Кабинет Кошкина стал для меня немного уютнее. Думаю если бы я решил отыграть девушку, вешающуюся на своего спасителя, то и такая дичь теперь сошла бы мне с эльфийских ручек. Кошкин глубоко и тяжело вздохнул, заварил нам растворимый кофе, и плюхнулся в свое кресло. Я довольно долго ждал, пока он всё же заговорил со мной, но всё таки дождался. Кошкин выпил кофе и начал:
— Давай договоримся. По одному вопросу в день. Не больше.
— Договорились. — я указал на портреты художников и спросил — Кто это такие? Вы что раскулачили дом культуры?
Кошкин снова вздохнул, но на этот раз без закатывания глаз и прочих едва уловимых деталей.

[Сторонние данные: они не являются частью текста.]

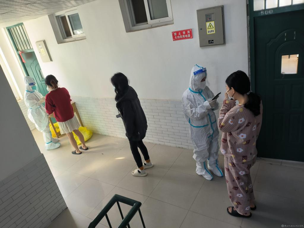 为筑牢疫情防控屏障,保障全校师生安全,营造安全无风险的学习、工作环境,按照学院防疫要求全校师生和第三方人员每天进行全员核酸检测。在核酸检测现场,大家有序排队,做到了间隔一米,戴好口罩,有序检测,共同筑起了一道防疫安全线。

— Это основатели. Как ты знаешь, до две тысячи тридцать седьмого года наша служба называлась ФСБ. Но в тот год, страна сделала много успехов во всех областях, включая медицинскую. — сказал Кошкин и указал на низ моего живота — В те времена была очень популярна идея, что развал СССР был изначально спланирован всемогущим КГБ СССР, которое ушло в тень. У нас тут на руси конспирологию очень любят. Хлебом не корми, дай разоблачить очередного лжедмитрия. Вот и организовалась группа художников, поэтов, творческих людей, идеологов, на подобие Могучей Кучки Мусоргского, только гораздо более эффективной. Они назвали себя Коалицией Глаз Бесстрастия.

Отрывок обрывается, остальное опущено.